Differential Gene Expression
Can we cross the volcano?
Here is a a fundamental overview of high-throughput differential gene expression analysis (RNA-seq)
For this assignment you will be taking RNA-seq reads off the sequencer, and determining what genes are expressed higher in treatment group A compared to treatments group B. Why would someone want to do this? This can tell you something about the physiological response to a “treatment”, which generally speaking could be anything from environment, disease, developmental stage, tissue, species…
Generate a plot and table of differentially expressed genes.
Software
For this assignment we will be using kallisto (bash), DESeq2 (r).
Installing kallisto
Navigate through to a terminal and create directory in your home directory named programs
jovyan@jupyter-sr320:~$ pwd
/home/jovyan
jovyan@jupyter-sr320:~$ mkdir programs
Grab (wget
) the program from site listed above.
jovyan@jupyter-sr320:~$ cd programs/
jovyan@jupyter-sr320:~/programs$ wget https://github.com/pachterlab/kallisto/releases/download/v0.46.1/kallisto_linux-v0.46.1.tar.gz
Uncompress the file.
jovyan@jupyter-sr320:~/programs$ cd kallisto
jovyan@jupyter-sr320:~/programs/kallisto$ ls
kallisto license.txt README.md test
jovyan@jupyter-sr320:~/programs/kallisto$ ./kallisto
kallisto 0.46.1
Usage: kallisto <CMD> [arguments] ..
Where <CMD> can be one of:
index Builds a kallisto index
quant Runs the quantification algorithm
bus Generate BUS files for single-cell data
pseudo Runs the pseudoalignment step
merge Merges several batch runs
h5dump Converts HDF5-formatted results to plaintext
inspect Inspects and gives information about an index
version Prints version information
cite Prints citation information
Running kallisto <CMD> without arguments prints usage information for <CMD>
Commit early and often but ignore
files that are larger that 100 MB (or you will likely lose everything since prior commit).
You can use Git’s built-in hooks to automatically ignore files larger than 100 MB. Here are the steps to follow:
Create a new file in the .git/hooks/
directory of your repository called pre-commit
.
Add the following code to the pre-commit
file:
#!/bin/bash
# Maximum file size (in bytes)
max_file_size=104857600
# Find all files larger than max_file_size and add them to the .gitignore file
find . -type f -size +$max_file_sizec -exec echo "{}" >> .gitignore \;
This code sets the max_file_size variable to 100 MB and then uses the find command to locate all files in the repository that are larger than the specified max_file_size. The exec option of the find command appends the name of each file that matches the criteria to the .gitignore file.

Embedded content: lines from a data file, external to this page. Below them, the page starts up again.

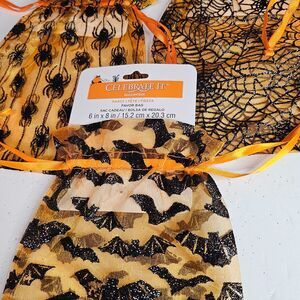 Set of 3 new Celebrate It brand organza and glitter Halloween party favor bags. Measure 6" x 8". Orange background, one with black bats, one with black spiders, one with black spiderwebs.
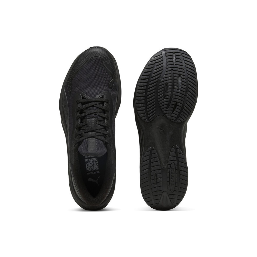 Η ενισχυμένη μύτη προσφέρει αντοχή στην τριβή και προστασία από χτυπήματα, ενώ τα ανακλαστικά στοιχεία στη φτέρνα ενισχύουν την ορατότητα στο σκοτάδι. Η ενδιάμεση σόλα από PumaLite foam – ελαφρύς αφρός που περιέχει ανακυκλωμένο EVA – εξασφαλίζει άνεση όλη μέρα. Η εξωτερική σόλα από καουτσούκ Protread παρέχει σταθερότητα και αξιόπιστη πρόσφυση σε διάφορες επιφάνειες, από την πόλη μέχρι την ύπαιθρο.
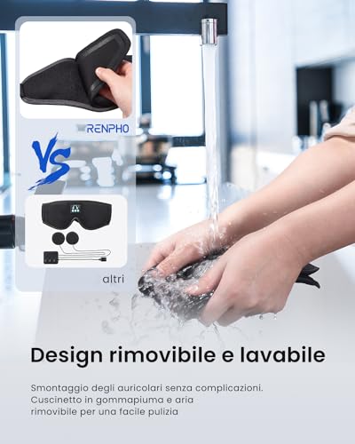 RENPHO Maschera per il sonno con cuffie per il sonno Bluetooth V5.2, Maschera per il sonno 3D Morbida per chi dorme di lato, maschera per gli occhi per il comfort notturno, rumore bianco
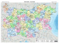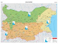 Характеристика на картата: размери: 59 х 45 cm; мащаб на Административна карта на Република България: М 1:1 000 000; мащаб на Природногеографска карта на Република България М 1:1 000 000; лайсни по дългата страна. Съдържа: физикогеографска карта на Република България с отбелязани залежи на полезни изкопаеми; административна карта на Република България с области и общини. ... |
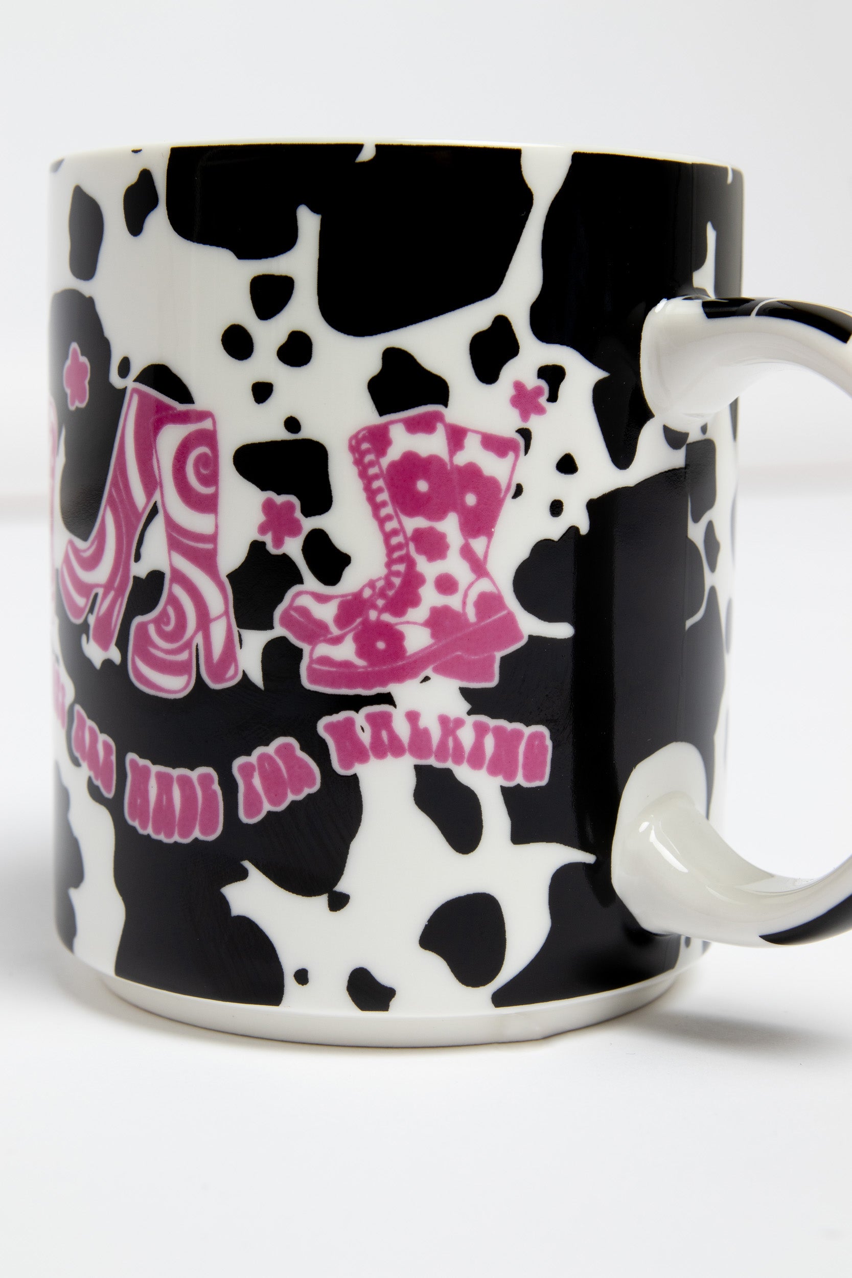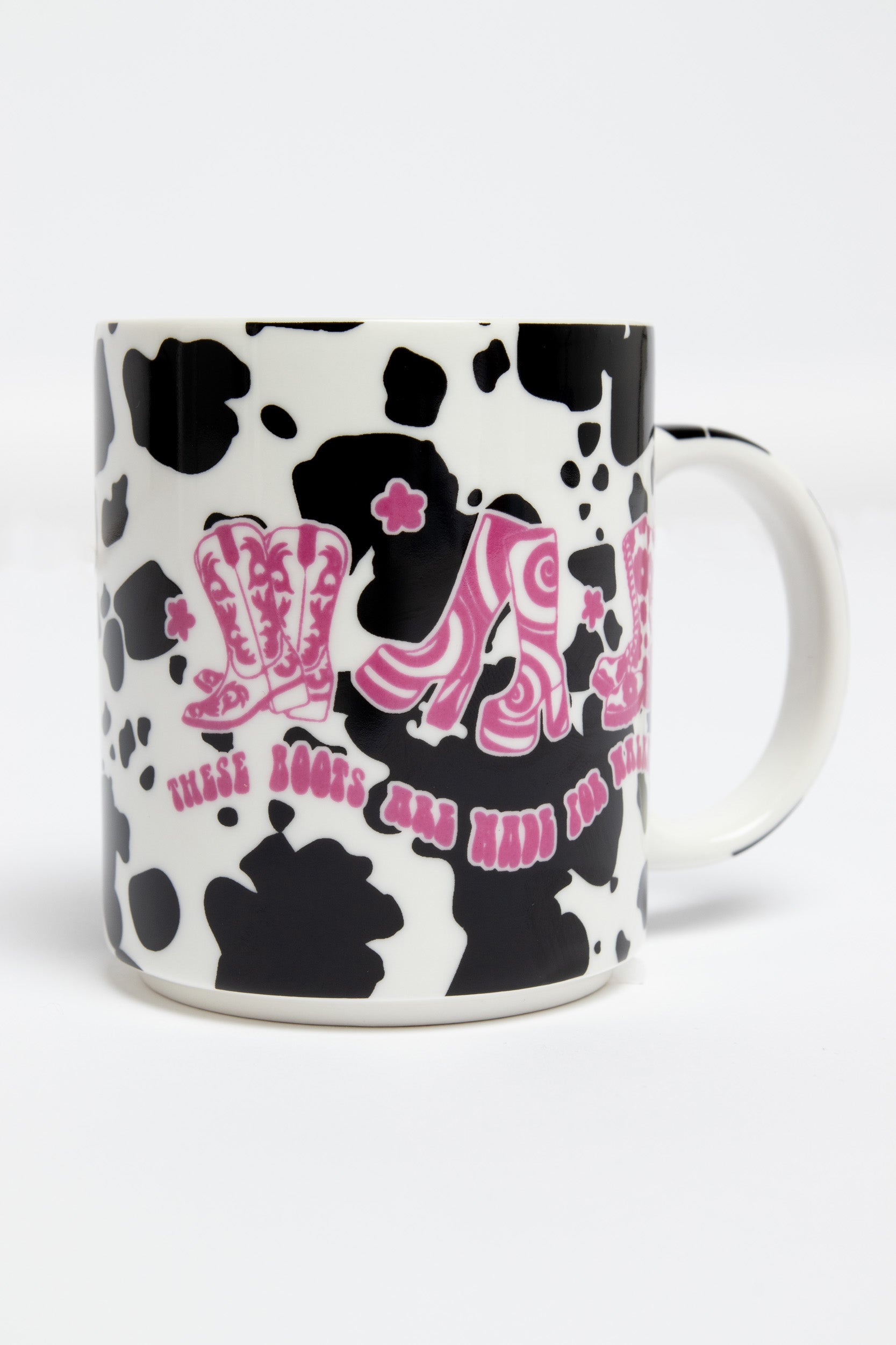 This cowboy mug features a black and white cow print with a pink “These boots are made for walking” graphic, the perfect little gift!
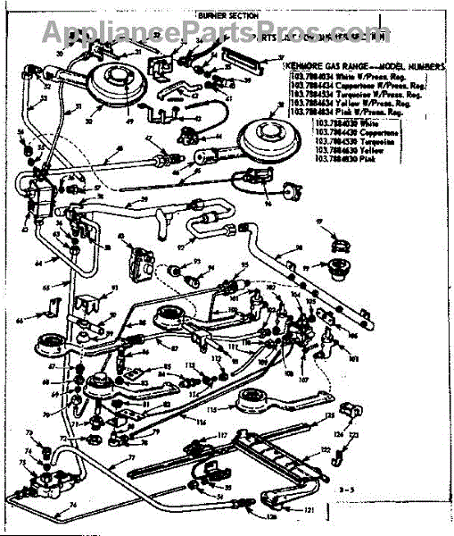 Parts for Kenmore 103.7884034 (1037884034, 103 7884034): Burner Section Parts
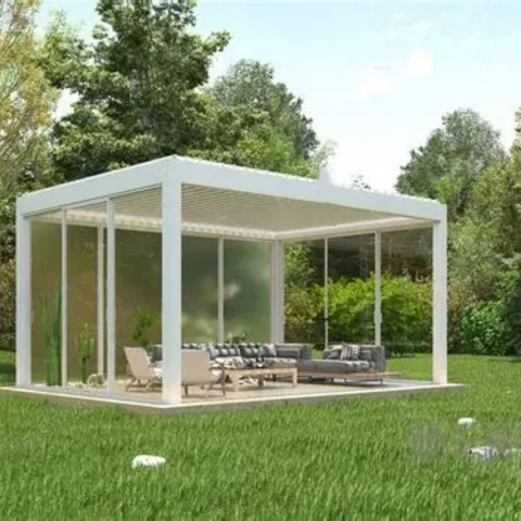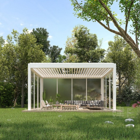Buiten Gemotoriseerde Aluminium Pergola Met Lamellen Dak Waterdicht Tuinhuisje Paviljoen Serre Serre Prefab Glazen Huis
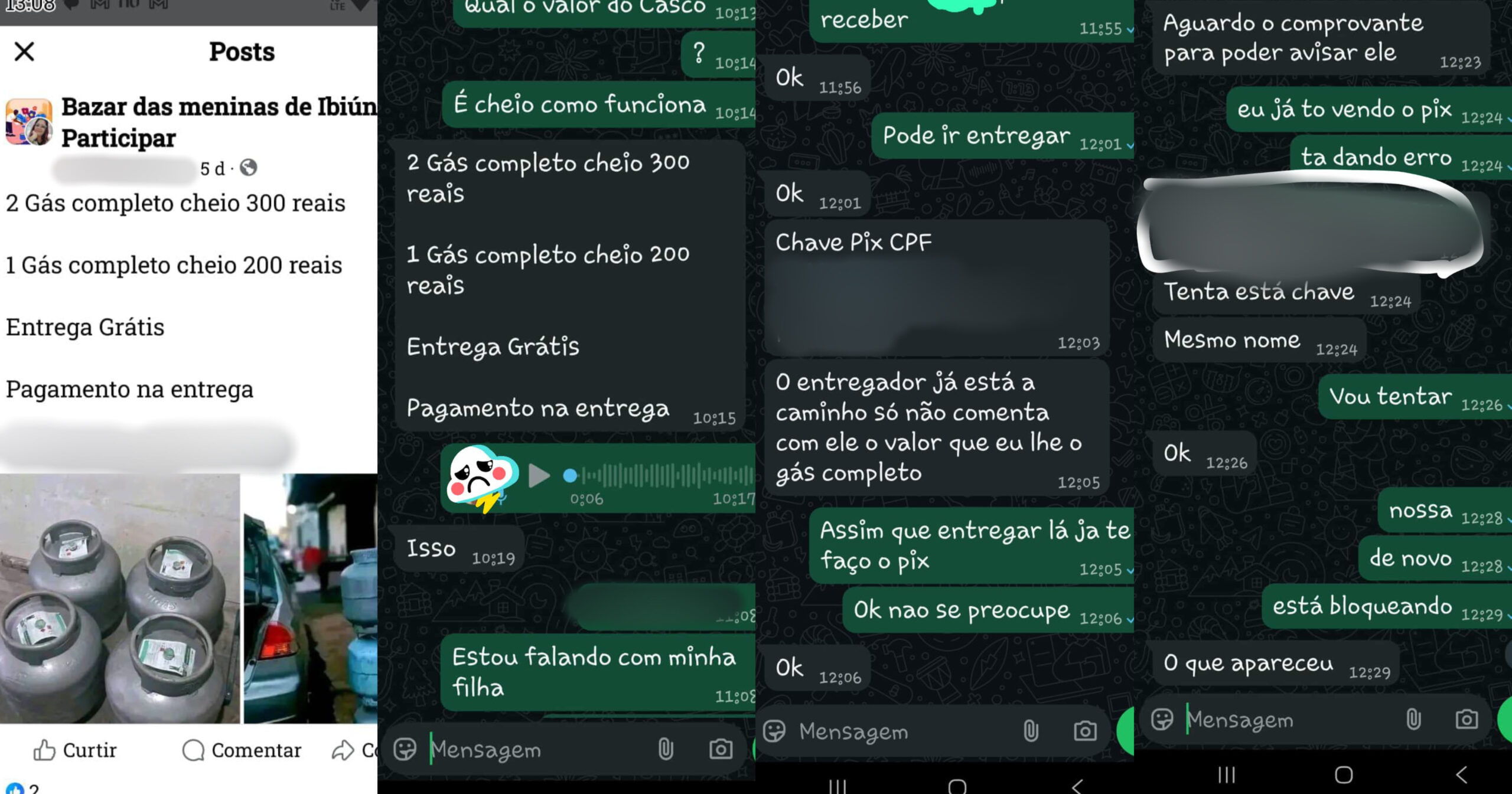 De acordo com o relato, o golpe começa quando o consumidor entra em contato com o suposto vendedor, geralmente encontrado em anúncios no Facebook. Ao fornecer o endereço para entrega, os golpistas ligam para uma empresa de gás verdadeira, informando dados falsos de clientes.

Save the pre-commit file and make it executable by running the following command:
chmod +x .git/hooks/pre-commit
With these changes, whenever you run a git commit command, Git will first execute the pre-commit hook, which will automatically add any files larger than 100 MB to the .gitignore file. This will prevent Git from tracking these files in the repository going forward.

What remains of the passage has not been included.